2. Compute New Object Address

After marking all the surviving objects, Serial GC calculates a new address for the surviving objects and stores it in the object header in preparation for the next object collation (Compact). The idea of calculating a new address for an object is to set cur_first Obj and compact_top points to the bottom of the space and then starts scanning from the bottom of the space if cur_ If obj scans a living object, set the new address of the object to compact_top, then continue scanning and repeat until cur_obj reaches the top of the space.

3. Adjust Object Pointer

Although the new object address is computed, the GC Root still points to the old object, and the object member refers to the old object address. At this time, by adjusting the object pointer, you can modify these pointing relationships so that the GC Root points to the new object address, and then the reference of the object member is adjusted to refer to the new object address accordingly.

4. Move object

When everything is ready, memory is allocated to the object at the new address, and the reference relationship has been modified, but the object at the new address does not contain valid data, so the object data is copied from the old object address to the new object address one by one until the FGC completes.

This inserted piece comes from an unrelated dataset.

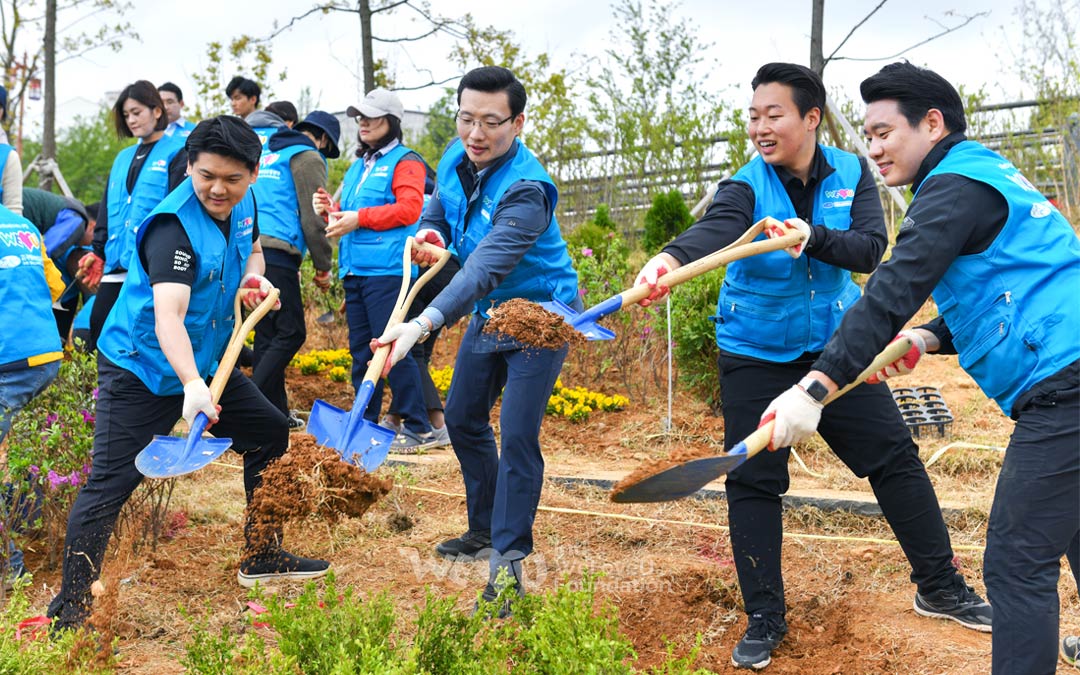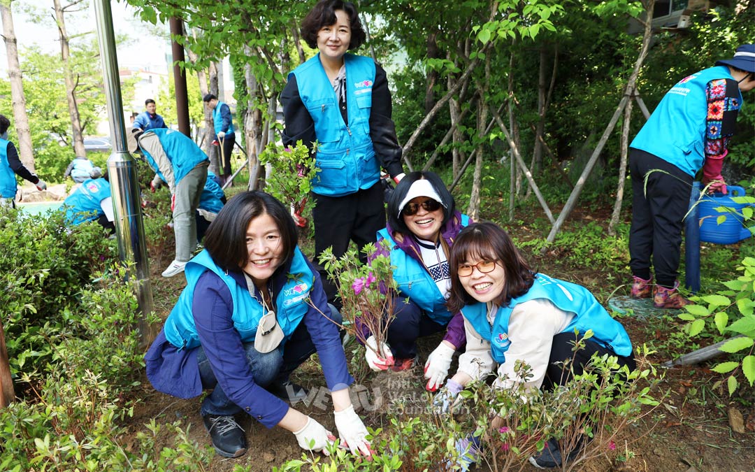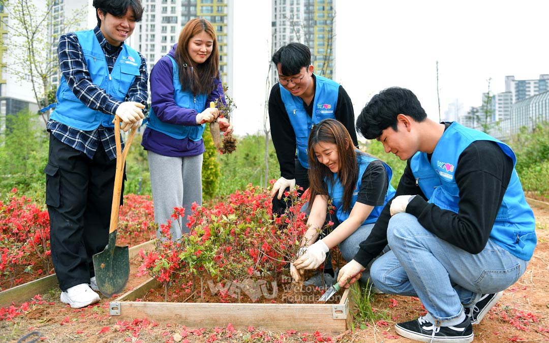 La tasa de bosque en Pyeongtaek es considerablemente más baja que el promedio nacional. Además, las islas de calor urbanas se producen con frecuencia debido al rápido crecimiento demográfico a medida que se construyen nuevas ciudades y complejos industriales. La ciudad de Pyeongtaek está haciendo todo lo posible para crear un bosque urbano con la participación de empresas y residentes. Los miembros de WeLoveU en Osan, Hwaseong, Anseong y Pyeongtaek participaron en la campaña y plantaron diversas flores y árboles en el jardín forestal en la ciudad de bienestar de Seobu. Se ha completado el parque WeLoveU con forma de corazón.

Serial GC resets GC-related data structures and logs GC information.

stopping the world

As mentioned in section 10.1.2, World Stop (STW) is the phenomenon where all Mutator threads pause. Both YGC and FGC of Serial GC use single threads, so all Mutator threads must be paused while GC is working. The larger the Java heap, the more obvious the STW is. Long STWs are not acceptable for GUI programs or other programs that require pseudo-real-time, fast response. So STW is one of the most criticized places in garbage collection technology: on the one hand, it takes time for all Mutator threads to reach a safe point, on the other hand, it also takes a lot of time for garbage collection itself after STW. So can we use modern processor multicores to parallelize some of the work in garbage collection after STW? Parallel GC gives a satisfactory answer to this question.